** Provided data **
------------------------------------------------

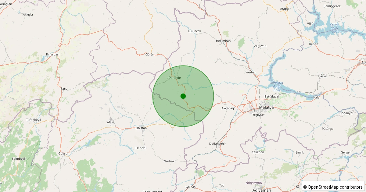 Son 7 gün içinde Darende - Ulupınar-Karataş noktasından 100 km yarıçap içerisinde meydana gelen diğer depremler:
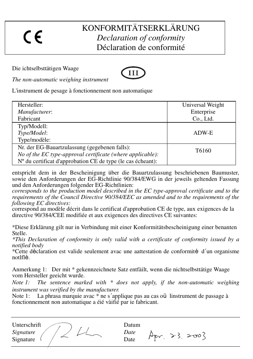 Note 1: The sentence marked with * does not apply, if the non-automatic weighing
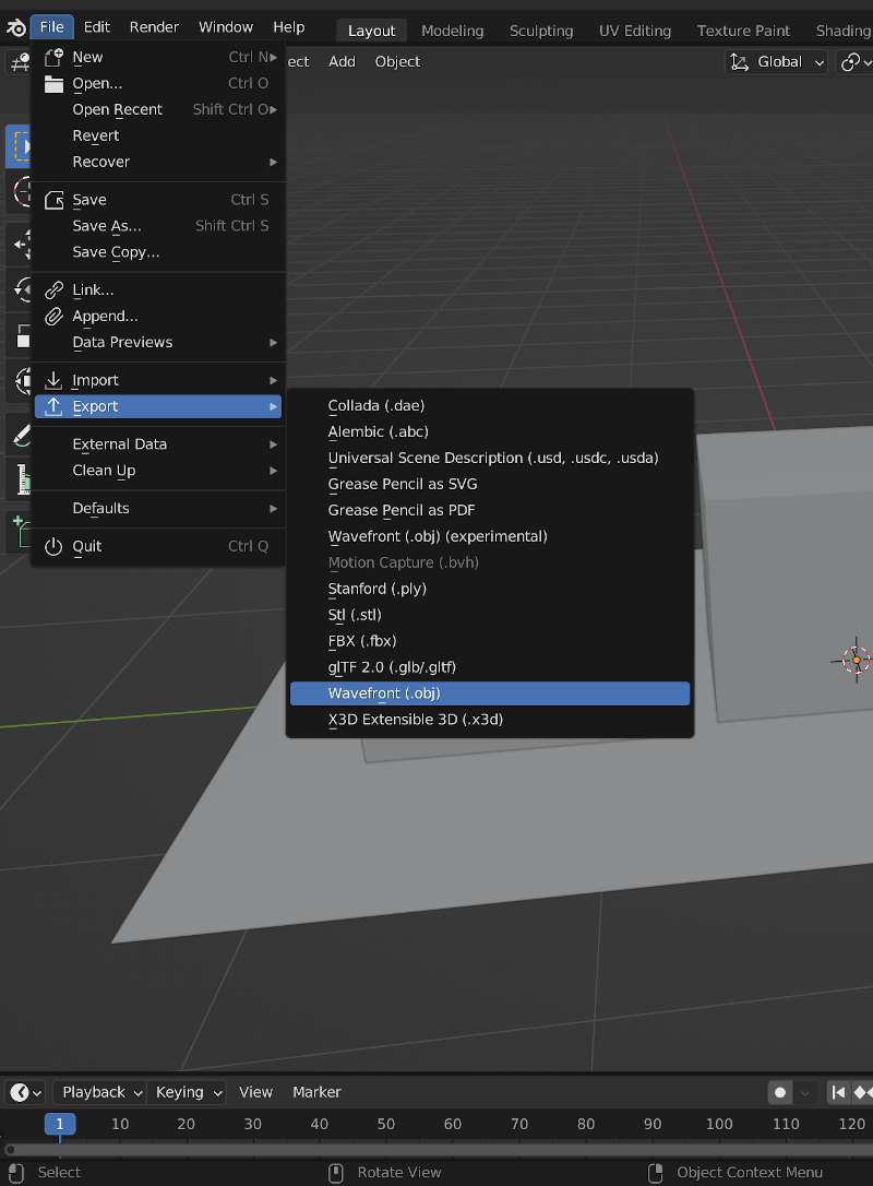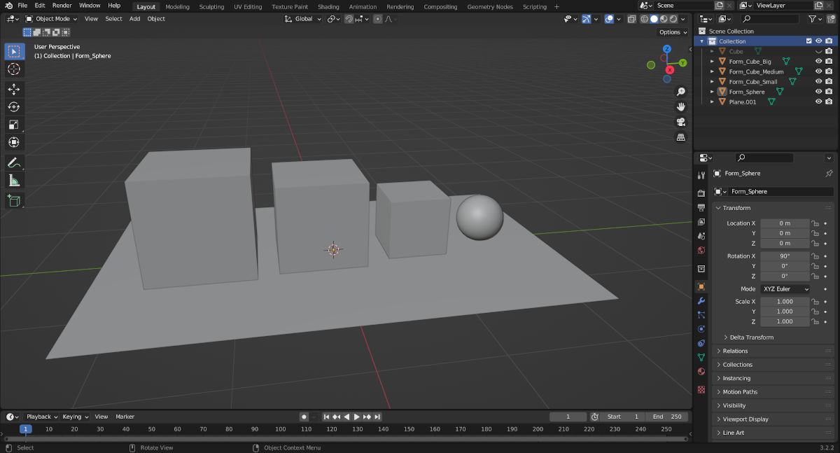 As an example, in Blender, create 3 cubes of different sizes as well as a sphere and a plane. Make sure UV projection is defined for all objects.
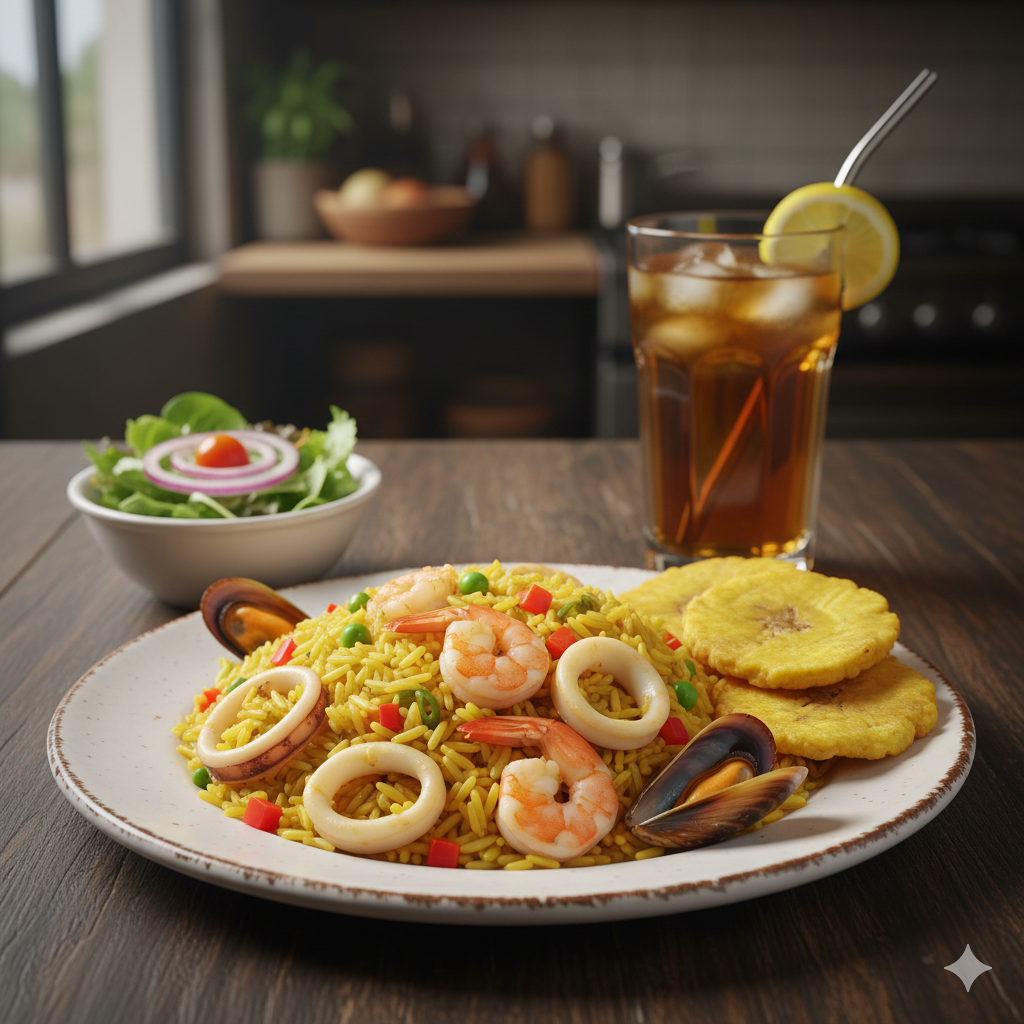 300 g de Arroz con mariscos acompañado con patacón, ensalada y agua de panela con limón.

------------------------------------------------

** Action item **
Would you copy, word for word, only the lines above from the one containing "Note 1: The" through the one containing "As an example, in", both included, and please leave out the pictures?

** Response below **
 Note 1: The sentence marked with * does not apply, if the non-automatic weighing
 As an example, in Blender, create 3 cubes of different sizes as well as a sphere and a plane. Make sure UV projection is defined for all objects.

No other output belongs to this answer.